Infelizmente ela era uma nugac, uma mestiça que nasceu com uma deformidade causada pela magia incompatível entre seus pais. As pessoas tinham muito preconceitos contra nugacs, por isso ela se disfarçava.
Um dos seus olhos era azul, sem a parte branca como uma ave. Tinha alguns espinhos saindo da cabeça por isso usava o cabelo bem comprido. Uma de suas mãos parecia uma garra, seus pés lembravam patas, tinha duas asinhas alaranjadas e seu rosto era uma bagunça só.
Sua sorte era que a cultura do país de Licorne possuía muitas semelhanças a centro-sul Americana, e máscaras eram usadas em todo tipo de festividades. Perto dos templos e em feiras sempre se viam barraquinhas vendendo máscaras artesanais e não era raro ver alguém usando uma por ai, principalmente as crianças.
Naquele dia ela usava um vestido azul e laranja bem acima do seu número, um longo poncho que quase cobria todo o seu corpo, um lenço cobrindo a cabeça e uma máscara esculpida em madeira do rei Pampé , o lendário rei careca.
Era um rosto feminino delicado com uma pintura colorida que lembravam asas de borboleta saindo dos olhos.
Passando pela vila do Teto do Fulguração Arima se aproximou de uma barraca montada em um vagão com uma placa escrita “Circo de cavalinhos do Pica-pau Amarelo.” Era um famoso grupo show itinerante de saltimbancos. Estavam vendendo todo tipo de produtos e um mago chamava as pessoas para degustar uma poção.

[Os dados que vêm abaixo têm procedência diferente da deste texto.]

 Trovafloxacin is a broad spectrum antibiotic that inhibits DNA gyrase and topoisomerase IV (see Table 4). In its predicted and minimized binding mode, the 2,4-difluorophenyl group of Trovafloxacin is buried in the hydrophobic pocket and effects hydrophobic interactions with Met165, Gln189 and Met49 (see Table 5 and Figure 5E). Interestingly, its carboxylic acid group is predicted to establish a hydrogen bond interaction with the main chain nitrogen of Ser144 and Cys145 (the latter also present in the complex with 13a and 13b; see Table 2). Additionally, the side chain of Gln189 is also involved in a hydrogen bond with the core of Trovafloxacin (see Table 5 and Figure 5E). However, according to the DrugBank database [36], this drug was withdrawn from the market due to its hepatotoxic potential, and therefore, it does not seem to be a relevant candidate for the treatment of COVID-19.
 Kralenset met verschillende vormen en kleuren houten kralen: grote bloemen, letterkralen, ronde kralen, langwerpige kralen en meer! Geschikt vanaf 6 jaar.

Ela nunca havia visto um mago tão grande. Era como um dos guerreiros nômades, só que bem-arrumado. Não tinha cicatrizes visíveis, nem cabelo longo e desgrenhado. Usava uma roupa impecável, botas e bombachas, uma azul folgada e um grande lenço no pescoço. Tinha uma beleza brutal, e olhos penetrantes.

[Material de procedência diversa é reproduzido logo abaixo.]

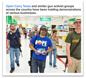 White men go shopping with their guns and express their rights; black men get assaulted carrying a permitted firearm because they are seen as criminals. Racial profiling is highly evident when we look at the experience of people of different races carrying weapons in public. From Mother Jones… “A surveillance video from a Walmart … Continue reading RACE AND GUNS: Racial profiling and carrying a weapon

Ela pegou um dos frascos que estava escrito: “Tônico de recuperação do Pica-pau Amarelo sabor frutas vermelhas.” Então curiosa tomou uma amostra.
“Isso é delicioso.” Ela até bateu palmas. “Arima nunca viu uma poção de cura com gosto bom.”
“Você é a senhora das borboletas?” Ele brincou. “Qual é a dessa Máscara?”
“O imperador Pampé. O rei careca.”
“Mesmo? Parece o rosto de uma moça.”
“Dizem que o rei Pampé tinha uma aparência feminina. Até se fantasiou de mulher.”
“E toda essa roupa? Está com tanto frio assim?”
Arima se abraçou e tremeu. “É que faz muito frio no alto da cordilheira.”
“O tônico já deveria ter dado um jeito nisso.” Ele coçou a cabeça.”
“É mesmo! Arima até está quente. Quem é que fez esta poção fantástica?” Arima leu o rotulo. “Feito pelo professor Gavião Negro.”
“Foi um erro de impressão. Professor Cauã Galvão Preto ao seu dispor.” Ele fez uma reverência. “Aqui. Experimente o sabor guaraná.”
“Arima Barriga Amarela.” Ela se apresentou um pouco envergonhada mostrando um cetro quebrado, enfeitado com uma fita e com um gesto fez uma pequena nuvem de estrelinhas. “Arima também sabe fazer feitiços.”
“Onde você aprendeu a fazer fogos de artifício?” Ele perguntou curioso.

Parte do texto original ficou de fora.